O cinema de terror brasileiro cresce cada vez mais, com um fluxo impressionante de talentos e produções de destaque que lidam com as questões mais complexas da realidade do país. A diretora paulista Mariana Bastos (Alguma Coisa Assim, Tapa na Pantera) é uma das cineastas que percebeu o potencial narrativo do gênero e usa Raquel 1:1 para explorar temas sensíveis como fanatismo religioso, feminicídio e machismo.
A trama segue Raquel (Valentina Herszage), que se muda para uma cidade pequena com o pai um ano após sua mãe morrer de forma trágica. Tentando recomeçar, ela vê a igreja como uma forma de se aproximar das outras jovens do local, mas vê essa integração indo por água abaixo quando passa a questionar passagens retrógradas da Bíblia. Esse conflito só aumenta quando, após uma visão, Raquel decide criar sua própria versão do texto sagrado.

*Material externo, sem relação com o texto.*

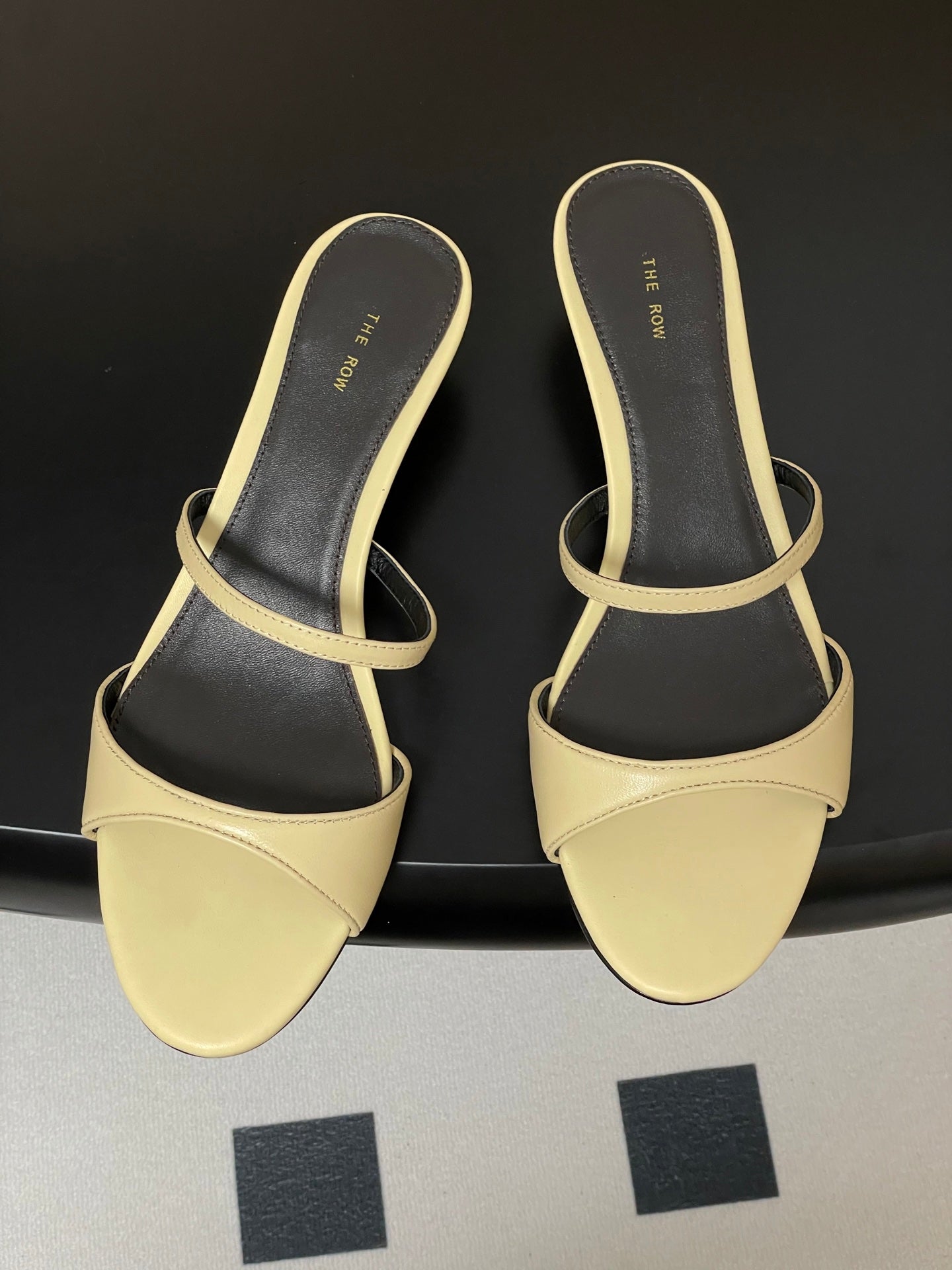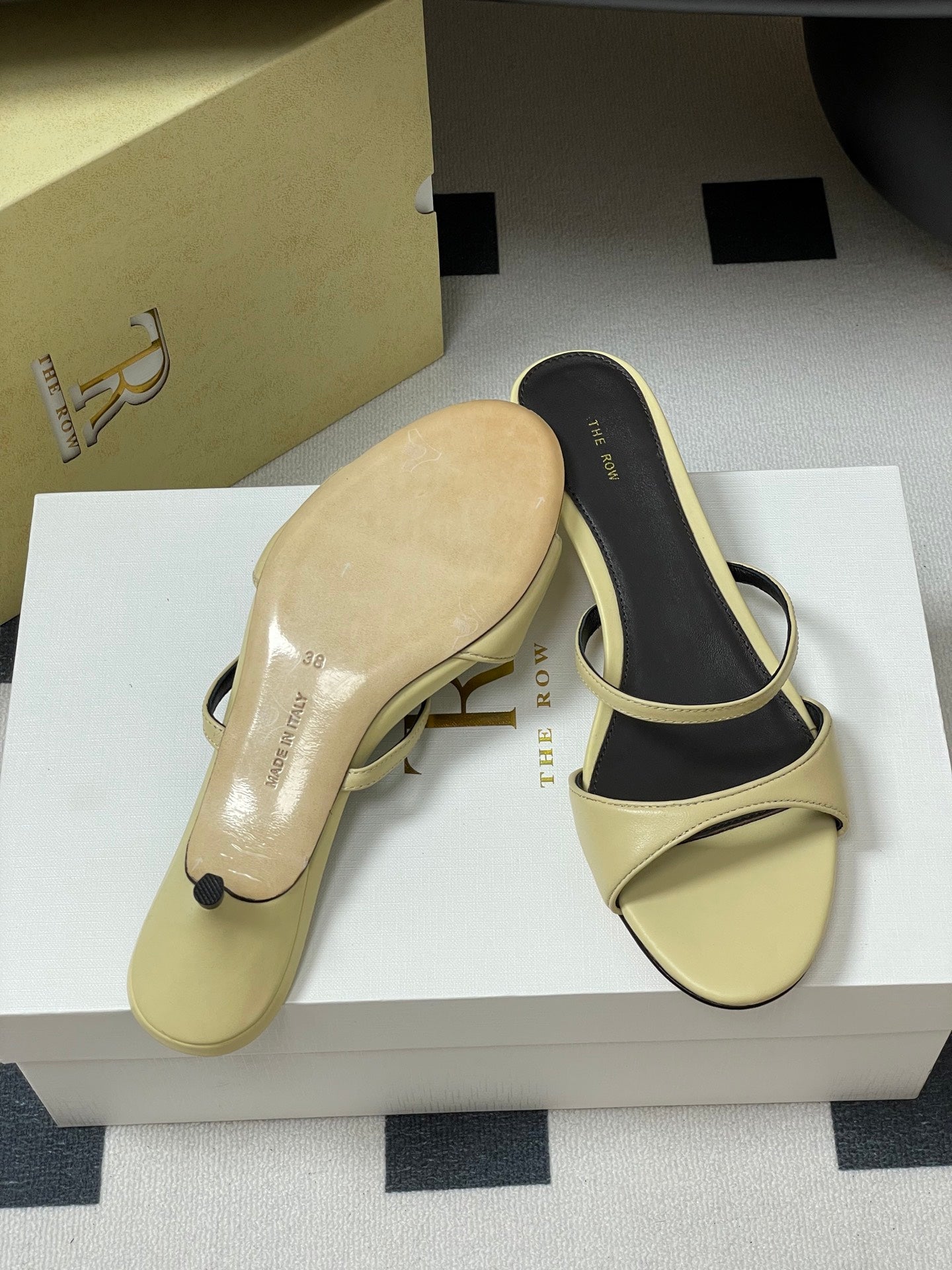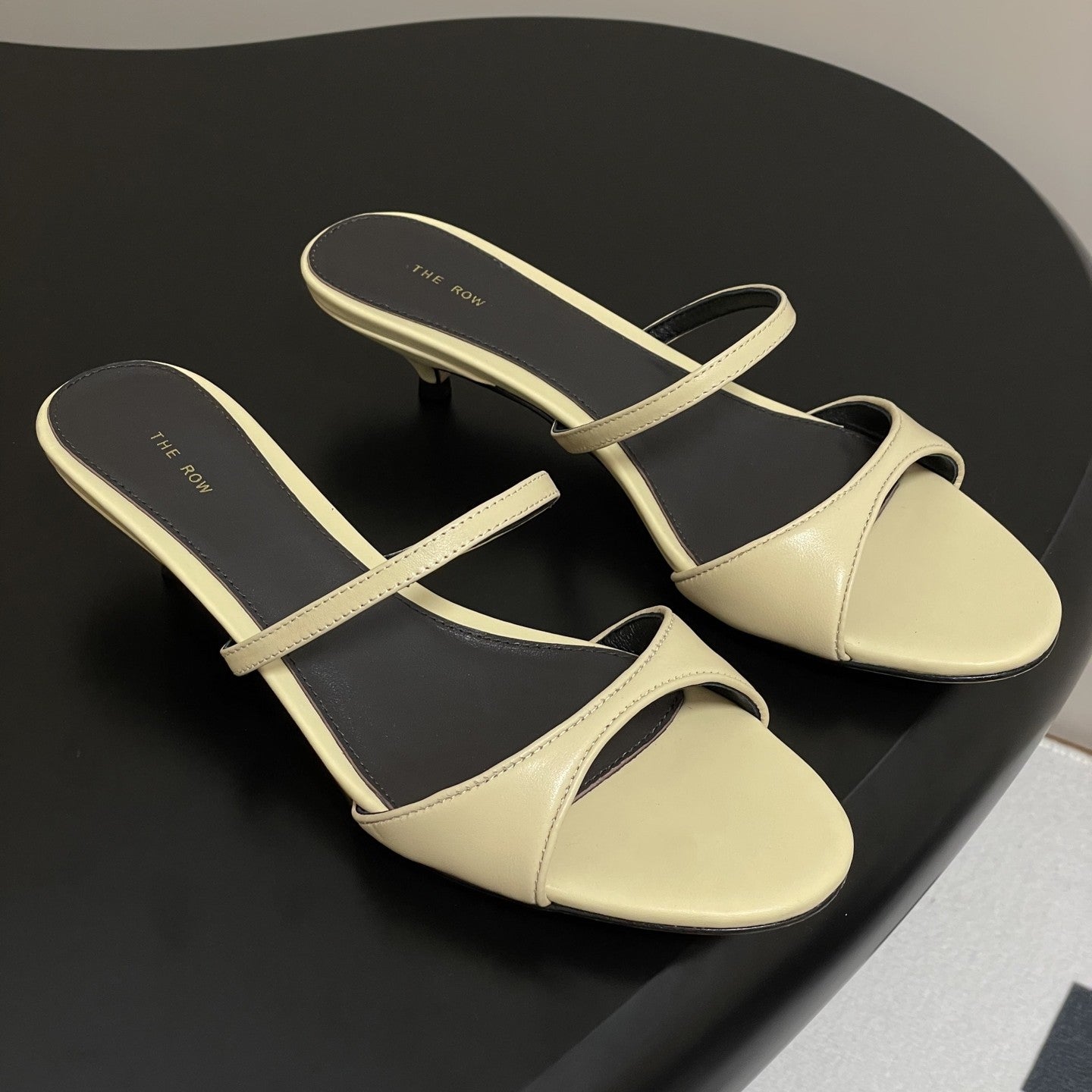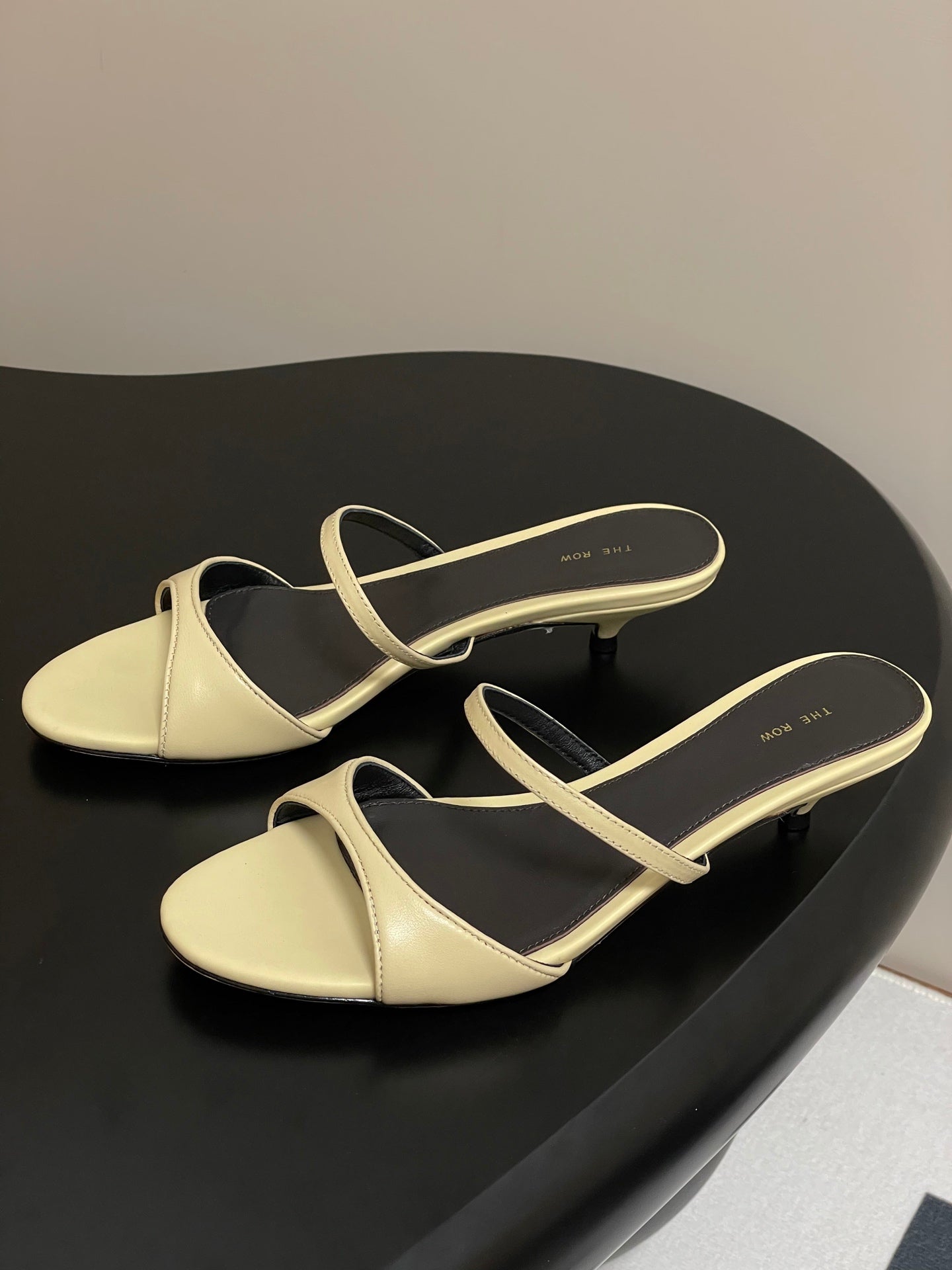 The Row 25S Strap High Heel Mule Sandals 35mm Beige Sheepskin 286215

Ao ritmo que avança, o longa passa a retratar o fervor religioso tal qual um culto, em que líderes aproveitadores conseguem mobilizar a opinião pública ao ponto da violência. Pela ambientação rural e por cenas de pregação em igrejas, há um toque de folk horror na obra, mas não se engane: é uma história tipicamente brasileira na forma que a religião, sua prática e seus dogmas moldam toda a noção geral de normalidade e comunidade.

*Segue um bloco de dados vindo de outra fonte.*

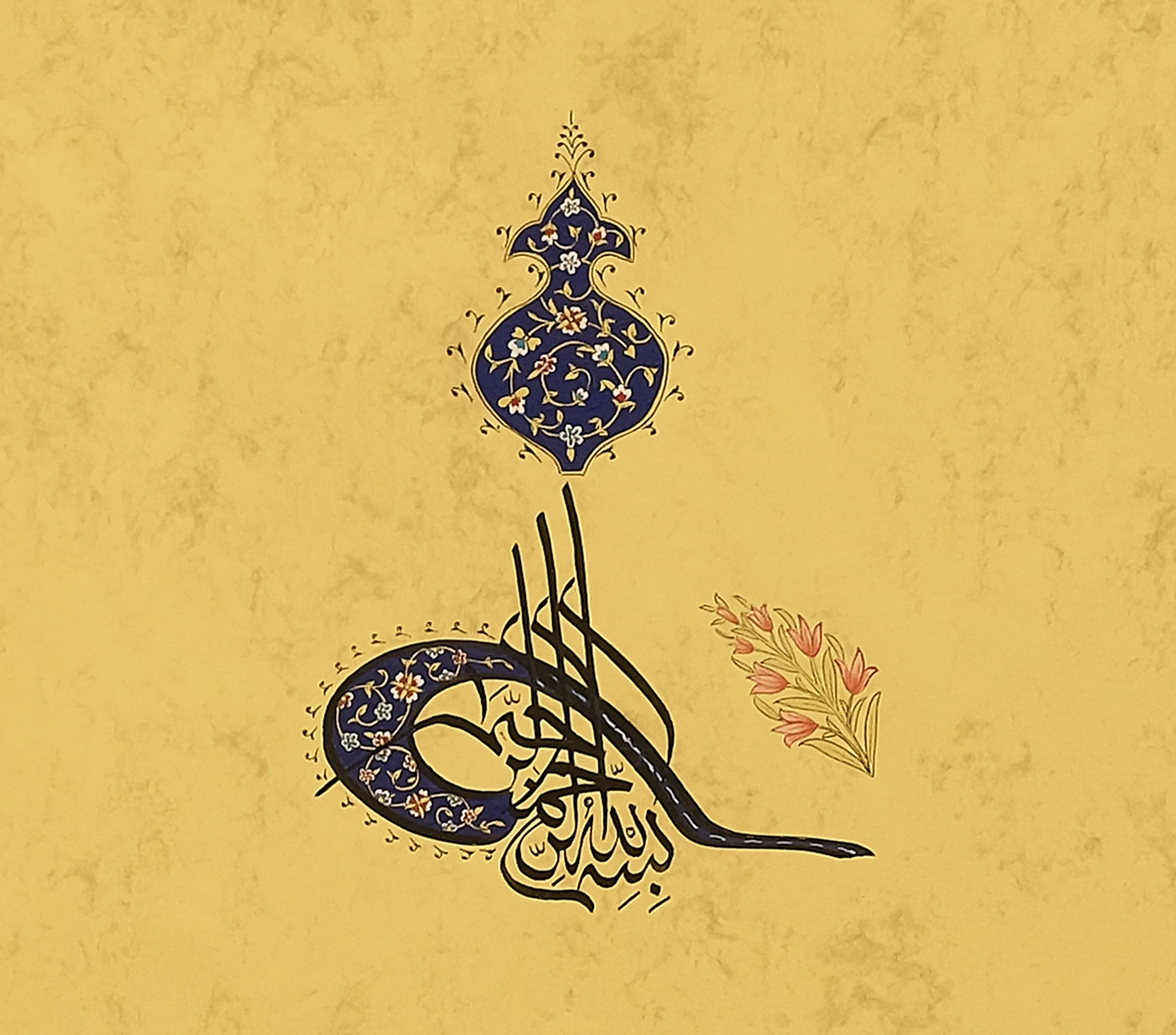 • Ekstra ince aharlı kağıt üzerine is mürekkebi, akrilik mürekkep ve altın varak

Acontece que a mãe da protagonista, como é indicado desde o início, foi vítima de homicídio por um ex-namorado ciumento. Raquel presenciou o crime. Ouvir passagens da Bíblia que inferiorizam a mulher traz à mente da personagem conexões entre seu trauma e a ampla presença do dogma religioso na sociedade. Afinal, em sua visão, a idolatria cega até aos segmentos mais conservadores do texto sagrado podem sim ter um papel na manutenção de um mundo machista, em que homens se sentem no direito de tirar a vida de mulheres e justificar como crimes de amor ou ciúmes.
É um tema complexo e pesado, e dá para ver que Raquel 1:1 treme ao tentar carregá-lo. Surpreende que o filme nunca o deixe cair, mas também não chega ao ponto de desenvolver muitas das discussões que levanta. Isso, na verdade, ofusca muito de seus arcos ao criar a sensação de uma trama estufada, que sobrecarrega as personagens de questões difíceis, mas só dá atenção para algumas.
Nem a protagonista escapa disso, transitando entre seus traumas e o drama de se tornar a vilã da cidade. No entanto, o enorme talento de Valentina Herszage faz com que Raquel seja uma personagem fascinante. A atriz entrega uma performance contida, com dor internalizada e raiva comedida, que segura a atenção mesmo nas curvas bruscas que a trama dá. É uma pena que o restante do elenco não esteja a sua altura, mas isso só reforça o quão única é a jovem em meio à cidade.

Raquel 1:1 pode ser irregular, mas conquista pela coragem de cutucar a ferida ao sugerir uma conexão entre o fervor religioso e a sociedade patriarcal, ao mesmo tempo que não abre mão de sua aura sobrenatural. Poderia ser excelente com um pouco mais de foco, mas ainda assim surpreende e estabelece que tanto Mariana Bastos quanto a atriz Valentina Herszage têm futuro no gênero.